Q One of my A-level ceramics students created a great pot with a fitted lid but the lid cracked in the kiln. The student wants to make another and has asked me how you know what size the diameter of the lid should be if the clay shrinks by 12% in firing. Can you help me - percentages were never my strong point!
A Percentages are not as difficult as they seem if you understand that you first need to decide which measurement you wish to be 100%.
In this case, call the lid before firing 100% (the original). This means that when the lid shrinks by 12%, the linear measurements of the pot will be 88% of the original (100% - 12% = 88%).
You don't mention any sizes, so let us assume that the original lid, after firing, has a diameter of 15cm. The 15cm is 88% of the original diameter.
From this we need to find the original 100% value.
If we can find 1%, then we can easily find 100%. First, we know that 15cm is 88%, so 1% is found if we divide 15 by 88: using the calculator, 15 V 88 = 0.1704545I (a recurring decimal, approximately 0.17). Leave this value in the calculator. That is approximately 0.17cm; so 100% will be 100 x 0.17 = 17 (approximately 17cm).

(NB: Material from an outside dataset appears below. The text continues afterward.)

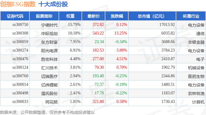 资金流向方面,创指ESG(970028)指数成份股当日主力资金净流入合计20.16亿元,游资资金净流出合计19.72亿元,散户资金净流出合计4367.84万元。成份股资金流向详情见下表:

The student would thus need to make a lid measuring about 17cm for the diameter so that it will shrink by 12% in the firing to give the required 15cm diameter.
Q I have a group of bright 9-year-olds who come to an after-school maths club. I want to introduce them to algebra and would like some ideas. Maths is not my specialist subject but I enjoy teaching it.
A I have several ways of introducing algebra, depending on the pupils I am working with. My favourite way at the moment is using envelopes, as it is a clear and simple way to provide a visual stimulus for the concept of a letter representing some value. This also leads to the idea that variables should be named. The youngest I have worked with was a boy of 8; we were solving simple equations within about 15 minutes. It is also a good way to introduce the concepts to dyslexic or dyspraxic pupils as it is multisensory. Have a selection of brightly coloured envelopes and some counters or pennies, or anything that can be counted as a unit. Sit the pupils around a table and have some large sheets of paper in front of you. Invite them to suggest ways in which you could describe the envelope as briefly as possibly. This leads to green = g, white = w and so on.
Emphasise the importance of this labelling.
Choose an envelope, say a green one, and tell the pupils that they are going to learn about a new area of maths. Ask them to close their eyes - no cheating! Put, say, three counters in the envelope and ask them to open their eyes. Without saying anything write on the paper g = 3 and ask the pupils to tell you how many counters are in the envelope. Some will look at you as if you are mad: "Three!"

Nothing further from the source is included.